Il faut dire que dans son avis consultatif, le Conseil d’Etat avait alerté sur cet aspect du texte, estimant que les faits ciblés étaient déjà couverts par la répression de l’exercice illégal de la médecine. Selon cet avis, la mesure pourrait porter atteinte à la liberté d’expression, quand elle s'exerce au travers d'"un discours général et impersonnel, par exemple tenu sur un blog ou un réseau social" et remettre en cause, "par une incrimination de contestations de l’état actuel des pratiques thérapeutiques, la liberté des débats scientifiques et le rôle des lanceurs d’alerte".

Brigitte Liso a cependant fait valoir que les nouvelles infractions prévues par le projet de loi "ne permettront pas de sanctionner la personne qui, de bonne foi et de manière bienveillante, entendrait conseiller un proche par exemple". Elle a aussi souligné la nécessité de produire la preuve d'un élément intentionnel, et en l'occurrence de l'"intention de tromper, de profiter de la vulnérabilité d'un malade pour le manipuler".

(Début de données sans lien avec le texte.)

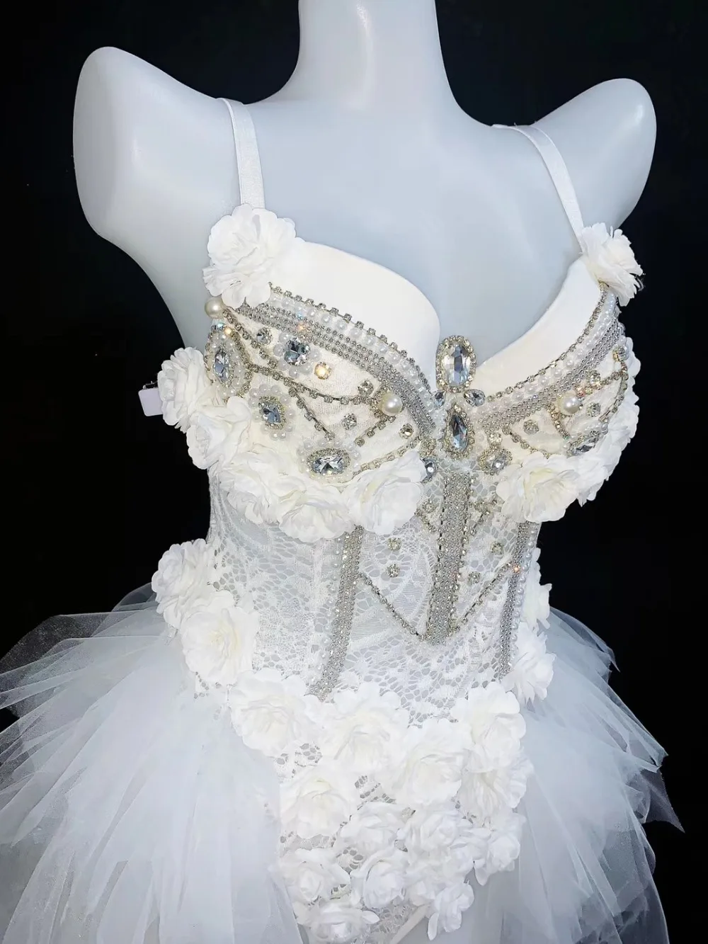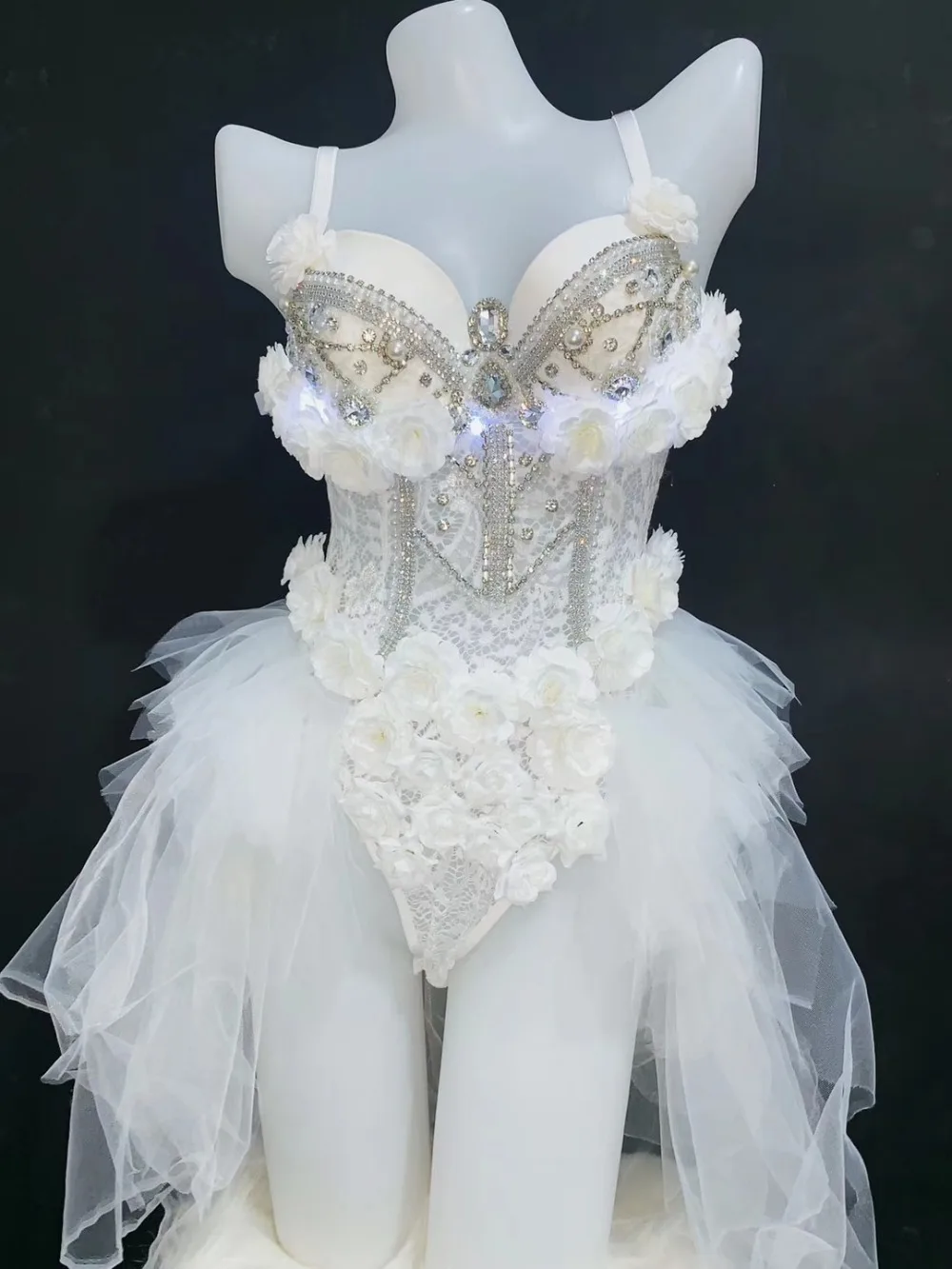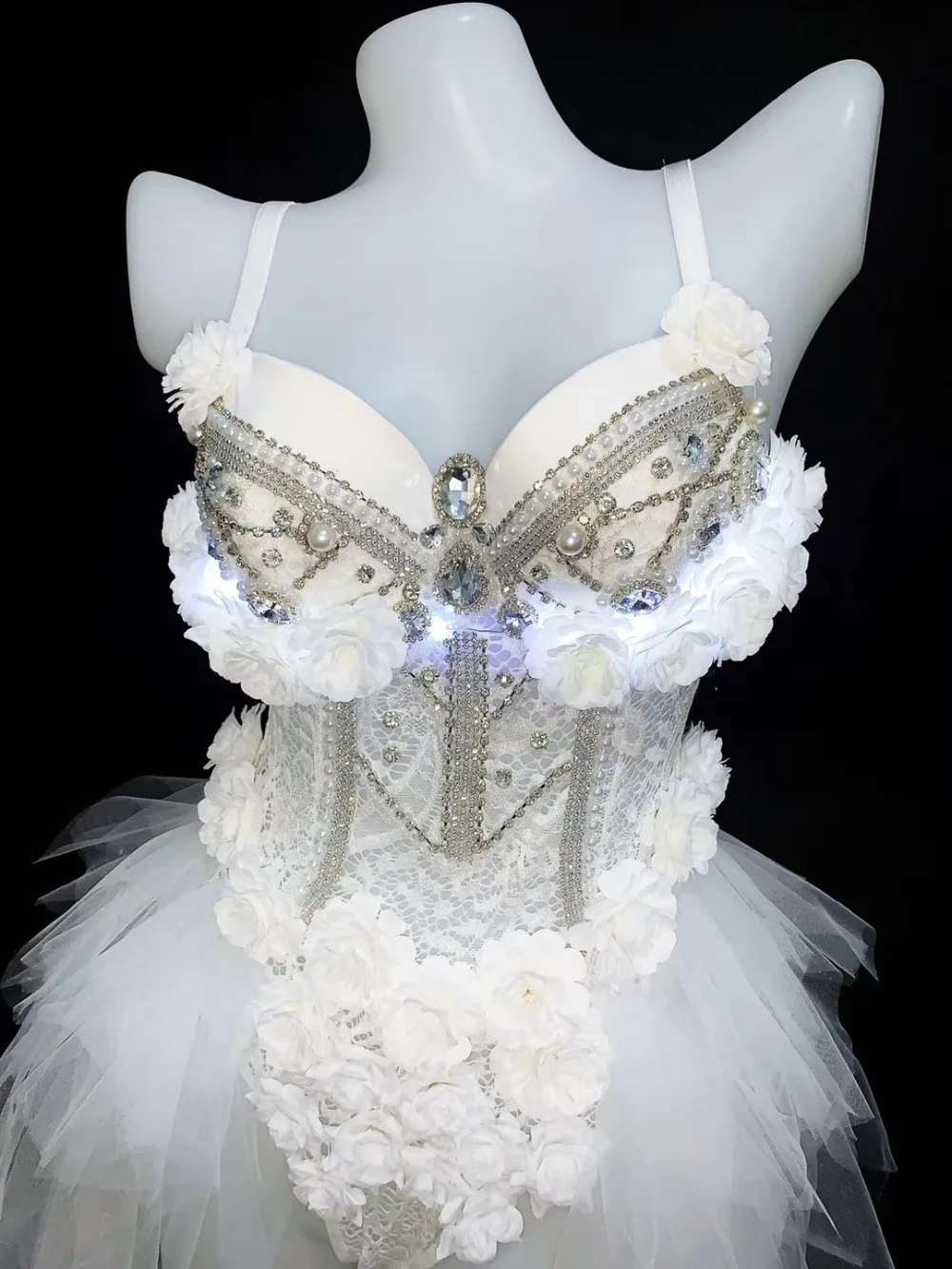 Белые кружевные Стразы, боди с цветами, Милое сексуальное платье для танцев, светодиодный светильник, аксессуары для дня рождения, наряд для вечеринки, одежда для сцены

Il y a des gens qui meurent du fait de l'insuffisance de notre droit. Arthur Delaporte (Socialistes)

La rapporteure s'est engagée à travailler sur une rédaction affinée en vue de l'examen du texte en séance, afin d'y garantir expressément l'impératif du respect de la liberté individuelle. De quoi rassurer les membres des groupes Horizons et Démocrate qui, tout en partageant l'objectif porté par l'article 4, avaient émis quelques réserves quant à d'éventuels effets pervers, et convaincre les Socialistes. "Il y a des gens qui meurent du fait de l'insuffisance de notre droit", a ainsi fait valoir Arthur Delaporte (Socialistes), tout en insistant sur la nécessité de protéger les lanceurs d'alerte. L'amendement de rétablissement de l'article 4 défendu par la rapporteure a finalement été adopté au terme de ces débats.

Un amendement porté par Erwan Balanant (Démocrate) a, par ailleurs, été voté afin de susciter une nouvelle possibilité de dérogation au secret professionnel spécifiquement dédiée aux dérives sectaires. Complété par un amendement de la rapporteure, le titre du projet de loi indique désormais que celui-ci vise à "renforcer la lutte contre les dérives sectaires et à améliorer l’accompagnement des victimes".

Après son adoption en commission, le texte sera débattu par les députés à partir de ce mardi après-midi, 13 février, dans l'hémicycle de l'Assemblée nationale.